-- Opening Marker --

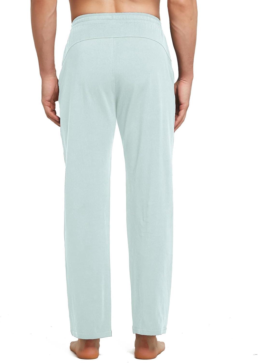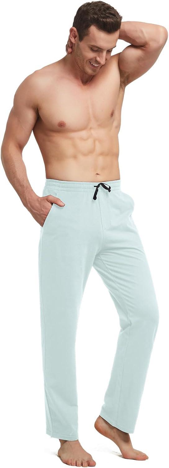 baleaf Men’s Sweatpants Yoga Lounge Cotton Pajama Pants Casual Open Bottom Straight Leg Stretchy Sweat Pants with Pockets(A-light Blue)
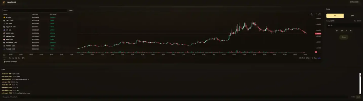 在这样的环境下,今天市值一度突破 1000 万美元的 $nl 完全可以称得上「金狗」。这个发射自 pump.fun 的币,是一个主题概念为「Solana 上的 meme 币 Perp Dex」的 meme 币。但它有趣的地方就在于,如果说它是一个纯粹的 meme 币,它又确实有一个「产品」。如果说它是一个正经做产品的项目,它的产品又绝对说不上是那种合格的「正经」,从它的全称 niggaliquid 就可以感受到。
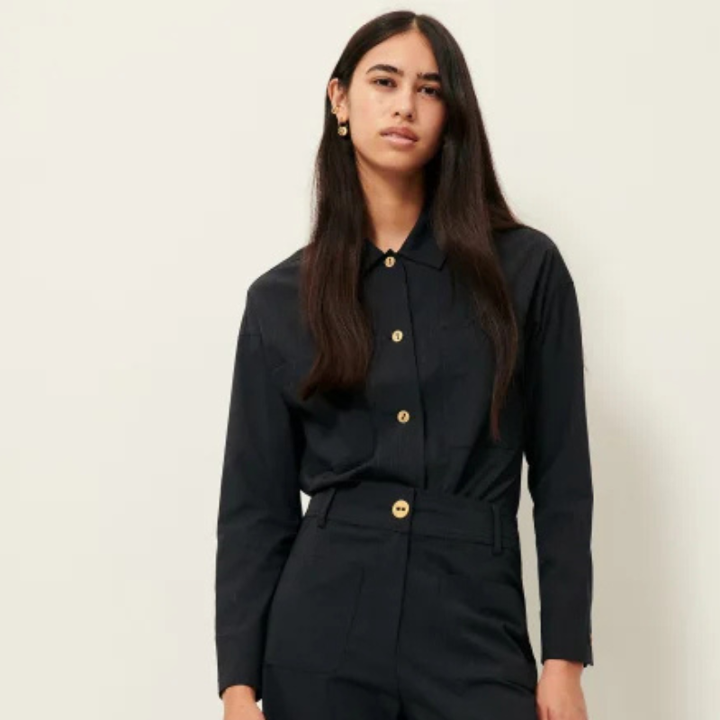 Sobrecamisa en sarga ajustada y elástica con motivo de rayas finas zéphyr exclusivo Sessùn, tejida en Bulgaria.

-- Closing Marker --
-- Opening Marker --

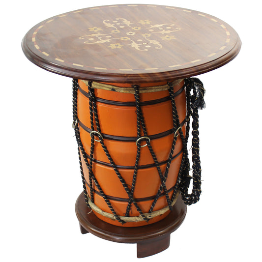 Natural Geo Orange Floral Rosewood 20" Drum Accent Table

-- Closing Marker --

- **Work item**
What is needed is an exact copy of the lines above from the one with "baleaf Men’s Sweatpants" to the one with "Sobrecamisa en sarga", both ends kept, and nothing more; please leave the pictures out.

- **Solution**
 baleaf Men’s Sweatpants Yoga Lounge Cotton Pajama Pants Casual Open Bottom Straight Leg Stretchy Sweat Pants with Pockets(A-light Blue)
 在这样的环境下,今天市值一度突破 1000 万美元的 $nl 完全可以称得上「金狗」。这个发射自 pump.fun 的币,是一个主题概念为「Solana 上的 meme 币 Perp Dex」的 meme 币。但它有趣的地方就在于,如果说它是一个纯粹的 meme 币,它又确实有一个「产品」。如果说它是一个正经做产品的项目,它的产品又绝对说不上是那种合格的「正经」,从它的全称 niggaliquid 就可以感受到。
 Sobrecamisa en sarga ajustada y elástica con motivo de rayas finas zéphyr exclusivo Sessùn, tejida en Bulgaria.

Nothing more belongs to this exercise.